Comparative example 1: preparation of adhesive composition (3)

To an ethyl acetate solution (resin concentration: 20%) of the acrylic resin (A-3), 0.5 parts of a crosslinking agent (CORONATE L, 75% of solid matter: manufactured by TOSOH) and 0.5 parts of a silane compound (KBM-403 manufactured by Xinyue chemical industry Co., ltd.) and 3 parts of a light absorbing compound (ultraviolet absorber; BONASORB UA-3911 manufactured by ORIENT chemical industry Co., ltd.) were mixed with respect to 100 parts of the solid matter of the solution, and 2-butanone was added so that the solid matter concentration was 14%, to obtain an adhesive composition (3). The amount of the crosslinking agent (coronete L) is the mass fraction of the active ingredient.

[ production example 1]: preparation of adhesive composition (4)

To an ethyl acetate solution (resin concentration: 20%) of the acrylic resin (A-3), 0.5 part of a crosslinking agent (CORONATE L, 75% of solid matter: manufactured by TOSOH) and 0.5 part of a silane compound (KBM-403 manufactured by Xinyue chemical industry Co., ltd.) were mixed with respect to 100 parts of the solid matter of the solution, and 2-butanone was added so that the solid matter concentration was 14%, to obtain an adhesive composition (4).

(b) Preparation of adhesive layer

The adhesive compositions prepared in (a) were applied to the release treated surface of a release treated polyethylene terephthalate film (SP-PLR 382050, hereinafter simply referred to as "separator" from LINTEC corporation) by using an applicator, and dried at 100 ℃ for 1 minute to prepare an adhesive layer. The thickness of the resulting adhesive layer was 15. Mu.m.

The adhesive layer formed from the adhesive composition obtained in example 5 was set as the adhesive layer (1), the adhesive layer formed from the adhesive composition obtained in example 6 was set as the adhesive layer (2), the adhesive layer formed from the adhesive composition obtained in comparative example 1 was set as the adhesive layer (3), and the adhesive layer formed from the adhesive composition obtained in production example 1 was set as the adhesive layer (4).

< absorbance measurement of adhesive layer >)
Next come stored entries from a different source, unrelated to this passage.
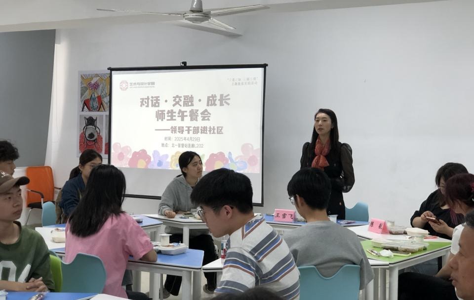 为深化“三全育人”理念,畅通师生对话渠道,发挥“一站式”学生社区育人功能,4月29日,艺术与设计学院在北一宿舍连廊L202举办“对话・交融・成长”师生午餐交流会。学院党委书记王雪飞,副院长杨成立、侯建军等与18名学生代表共进午餐,深入交流。
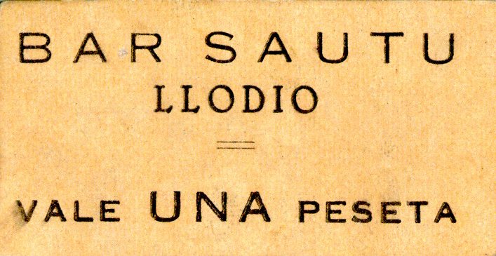 Resumen: Vale emitido por el Bar Sautu de Llodio. 1 peseta. S. f. Sin nº de serie. En el reverso, firma manuscrita. 5 ejemplares.
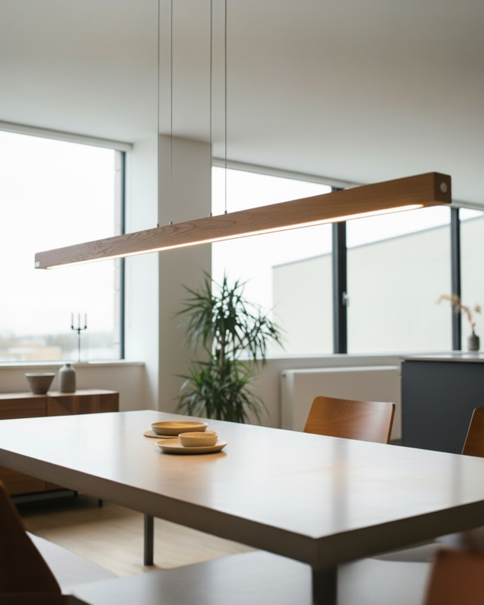 Mit einer Länge von 200 ist diese Pendelleuchte perfekt für Ihren Esstisch bis zu einer Länge von 250 geeignet. Sie schafft eine warme und einladende Atmosphäre, während Sie Ihre Mahlzeiten genießen. Ebenfalls lässt sich die Leuchte per integriertem Seillift individuell in der Höhe verstellen.
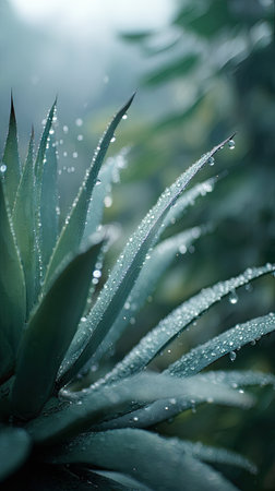 Soft rain falling gently on Agave, with water droplets forming and slowly dripping. The background is softly blurred with natural, moody atmosphere.
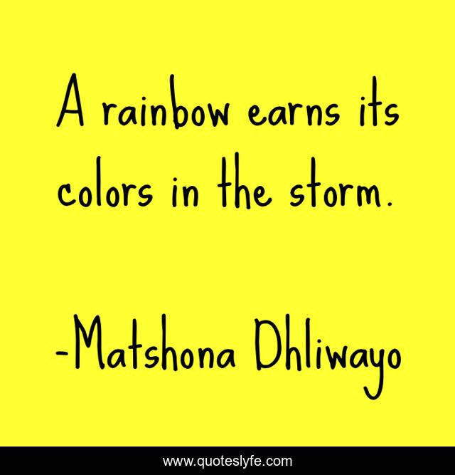 "Matshona Dhliwayo Quotes." Quoteslyfe.com, 2025. Mon. 08 Dec. 2025. <https://www.quoteslyfe.com/quote/A-rainbow-earns-its-colors-in-the-83474>.
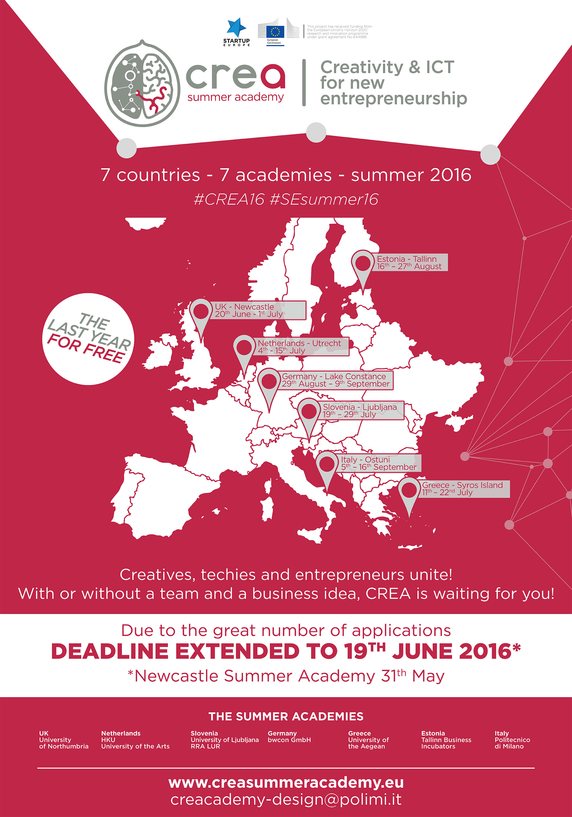 At the CREA Summer Academies and Business Contest, you will be part of a (early stage) start-up team and work on your business idea, combining knowledge and experience from creativity, business theory and technology. Join us in one of the CREA Summer Academy for your first start-up adventure!
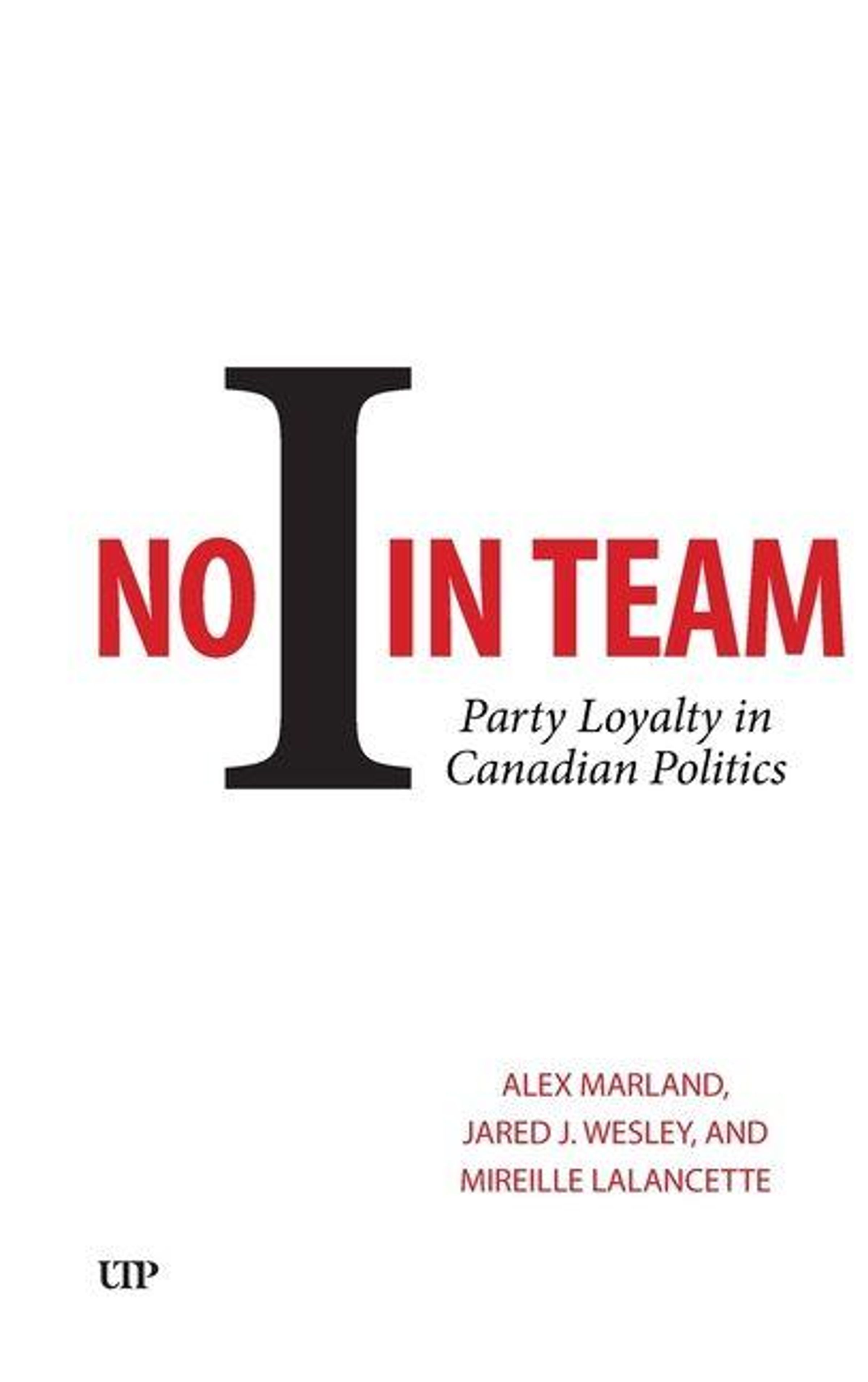 No I in Team: Party Loyalty in Canadian Politics by political scientists Alex Marland, Jared J. Wesley, and Mireille Lalancette provides the first in-depth examination of the forces shaping party loyalty in Canadian politics, revealing how Members of Parliament and provincial legislators are conditioned to prioritize partisan interests over constituents and independent judgment. The authors show how institutional rules, political pressure, social dynamics, and digital technologies reinforce a system demanding unwavering loyalty. Drawing on extensive interviews with politicians and senior staff, plus analyses of thousands of news stories spanning four decades, this book traces how party discipline evolved into message discipline, where control over speech is as strict as control over votes.

The obtained pressure-sensitive adhesive layer (1) was bonded to alkali-free glass (trade name "EAGLE XG" manufactured by CORNING corporation), and after peeling the separator, a cycloolefin resin film (ZF-14 manufactured by ZEON corporation) was bonded to the pressure-sensitive adhesive layer (1) to prepare a laminate for pressure-sensitive adhesive layer evaluation. The produced laminate for evaluating an adhesive layer was set in a spectrophotometer UV-2450 (manufactured by Shimadzu corporation) and absorbance was measured in a wavelength range of 300 to 800nm in 1nm step by a two-beam method. The absorbance at 405nm and 440nm of each of the alkali-free glass monomer and the cycloolefin resin film monomer was 0.

The absorbance of the adhesive layer (2) and the adhesive layer (3) were also measured in the same manner. The absorbance of the adhesive layers (1) to (3) is shown in table 1.

TABLE 1

< fabrication of optical laminate >

(i) Polarizing film production

A polyvinyl alcohol film having an average polymerization degree of about 2400 and a saponification degree of 99.9 mol% and a thickness of 30 μm ("Kuraray Poval Film VF-PE#3000", (manufactured by Kuraray) was immersed in pure water at 37℃and then immersed in an aqueous solution containing iodine and potassium iodide (iodine/potassium iodide/water (weight ratio) =0.04/1.5/100) at 30 ℃. Thereafter, the mixture was immersed in an aqueous solution containing potassium iodide and boric acid (potassium iodide/boric acid/water (weight ratio) =12/3.6/100) at 56.5 ℃. Then, the film was washed with pure water at 10℃and dried at 85℃to obtain a polarizing film A having a thickness of about 12. Mu.m, in which iodine was adsorbed to polyvinyl alcohol and oriented. Stretching is mainly performed in the steps of iodine dyeing and boric acid treatment, and the total stretching ratio is 5.3 times.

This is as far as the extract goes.